For many purposes, only an estimate of severity range is desired. To evaluate such molar predictability, actual scores were divided into three ordinal ranges: low (0 to 7), mild (8 to 14), and moderate-to-severe (15 and above). Using linear discriminant analysis, estimated scores were used to detect these three levels of depressive symptoms. The resulting discriminant function was highly significant (Wilks’ lambda = 0.476, p = .001). Sixty-nine percent of cases were correctly estimated. Kappa, a measure of agreement which adjusts for chance, was 0.526, which represents moderate agreement. (Table 5). Because the computational model was intended to detect severity in participants seen previously, leave-one-subject-out or k-fold cross-validation was not used. In a clinical context, a goal is to asses severity at each interview, and a participant's baseline is valuable input.

TABLE 5.

Depression Range Predicted from Prosodic Features

Actual
Predicted Low Mild Moderate to Severe
Low (HRSD ¡= 7) 30 7 3
Mild (HRSD 8 to 14) 6 19 15
Moderate to Severe (HRSD ≥ 15) 0 9 39

Kappa=0.526.

Two additional sets of analyses were pursued. First, we asked how switching pause and F0 alone would compare to the joint model in detecting range of severity. To answer this question, significant switching pause and F0 parameters were entered into separate HLMs. The estimated continuous depression scores from each HLM then were entered into separate linear discriminant classifiers to detect range of severity. Detecting range of depression in this way, switching pause parameters resulted in 69.5% accuracy (kappa = .554), which was comparable to that for the joint model (i.e. switching pause plus F0). When F0 parameters were used alone, accuracy decreased to 57.8% (kappa = .373). Thus, F0 parameters were less effective detectors of severity and provided no incremental advantage relative to switching pause parameters alone.

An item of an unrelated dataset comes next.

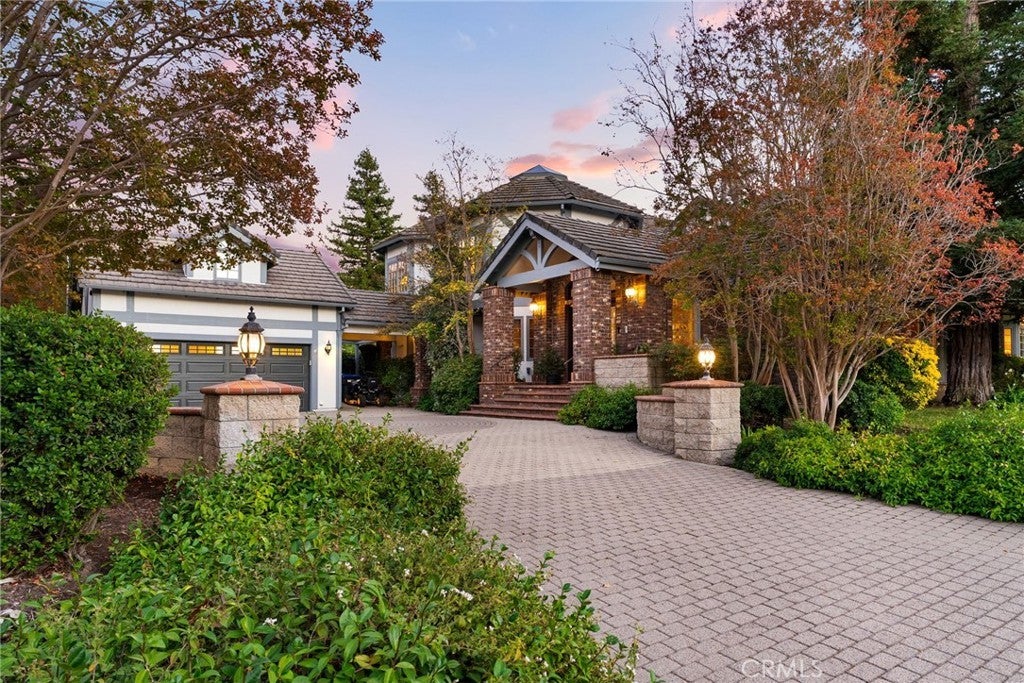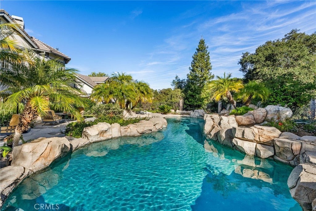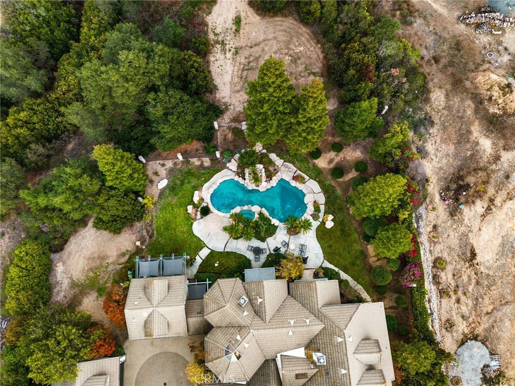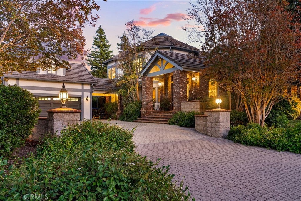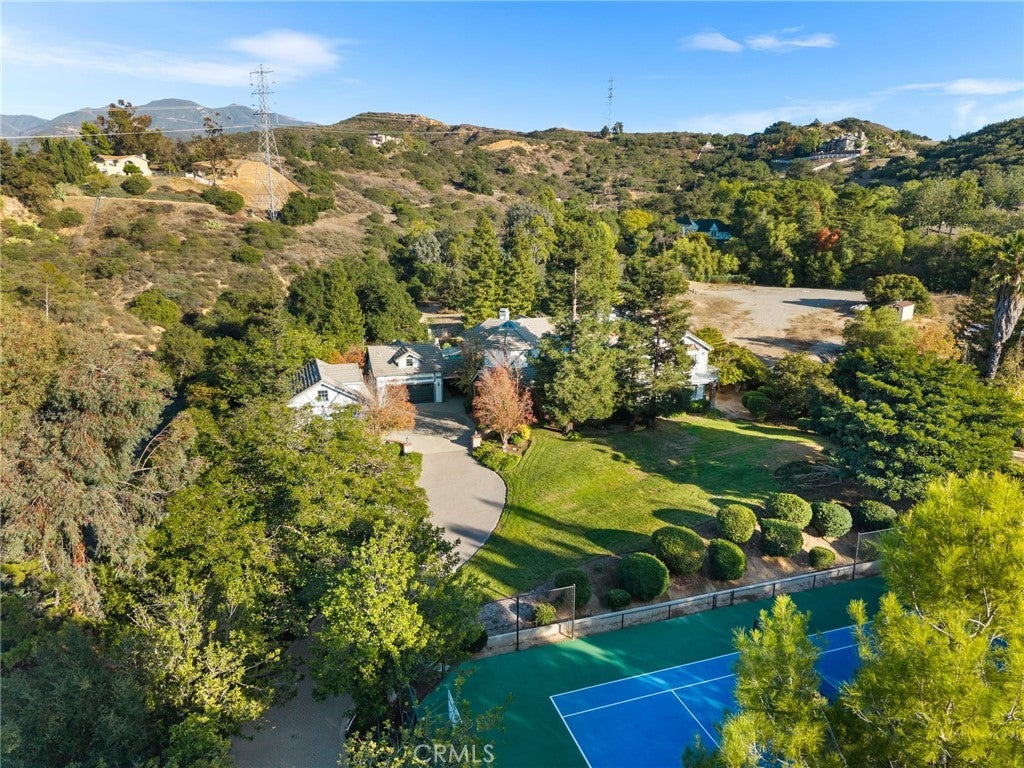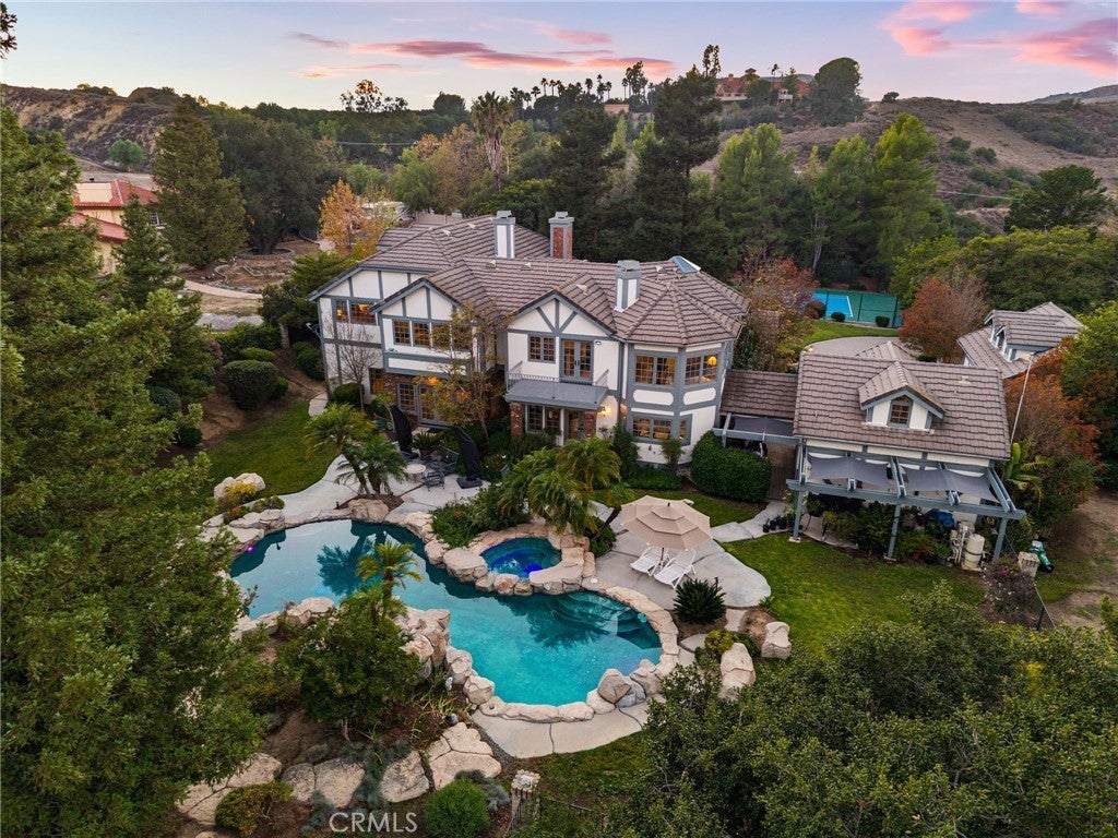 Nestled in scenic Santiago Canyon on an impressive custom estate, this 2-acre compound is a private oasis of luxury and leisure, complete with its own full-size tennis court (can accommodate pickle or paddle) and a resort-caliber pool and spa. The long cobblestone driveway winds through manicured grounds to reveal an expansive residence of approximately 6,785 square feet, boasting 5 spacious bedrooms, 5.5 baths, and garage space for 4 cars with overhead bonus rooms suitable for guest quarters, office space, or a gym. Greeted by grand double doors that open to soaring interiors adorned with polished granite flooring, exquisite crown molding, and newly installed custom front entry doors and several new Pella windows that flood the home with natural light. Multiple fireplaces warm the elegant, formal living and dining rooms, perfect for entertaining, while a cozy breakfast nook and a dedicated executive office add comfort and convenience. The gourmet kitchen is a chef’s dream, centered around a unique pentagon-shaped island with a built-in grill, plus high-end appliances including a built-in refrigerator and double ovens. Modern amenities ensure effortless living, from instant hot water to a premium water filtration system. For recreation and relaxation, the estate features a generous media room, an ample wet bar, and a generous game room designed for family connection. A main-level guest suite provides flexibility for family or possibly a main-floor primary conversion. Upstairs, the lavish primary suite indulges with a private wet bar, a jetted spa tub, dual vanities, and dual walk-in closets, plus views over the estate. Outdoors, enjoy your own private paradise: a full-size tennis court for sports enthusiasts and an awe-inspiring custom rock pool with spa that rivals a luxury resort, creating a serene setting for relaxation and grand gatherings. Additional enhancements include a wired security system, an intercom, a privacy gate, and approximately 10,000 sq ft of open space ready for a guest house, extra amenities, or anything you can imagine. This exceptional compound is priced to sell, offering an unparalleled blend of luxury, privacy, and endless potential, an ideal canvas for the discerning homeowner to reimagine into their personalized dream estate.

Last, we asked whether accuracy was higher when both participant and interviewer parameters were used relative to when only participant parameters were used. Most previous research has focused on single participants to the exclusion of conversational partners. We wanted to evaluate how much prediction power is lost when interpersonal effects are ignored. We found that when interviewer parameters were omitted, accuracy decreased from 69% to 63.3% (kappa decreased from .526 to .471).

4 Discussion

Because most previous research has compared depressed and non-depressed participants, depression effects in previous research have often been confounded by myriad ways in which depressed and non-depressed comparison participants may differ. People who become depressed are far more likely to have high trait neuroticism and low trait extraversion, as but one example. Personality factors such as these have moderate heritability that is non-specific for depression [31]. By restricting our focus to a clinical sample that met criteria for Major Depressive Disorder and by sampling each participant over the course of their depression, we were able to rule out personality and other correlates of depression. The variation in prosody we identified was specific to variation in depression within a clinical sample.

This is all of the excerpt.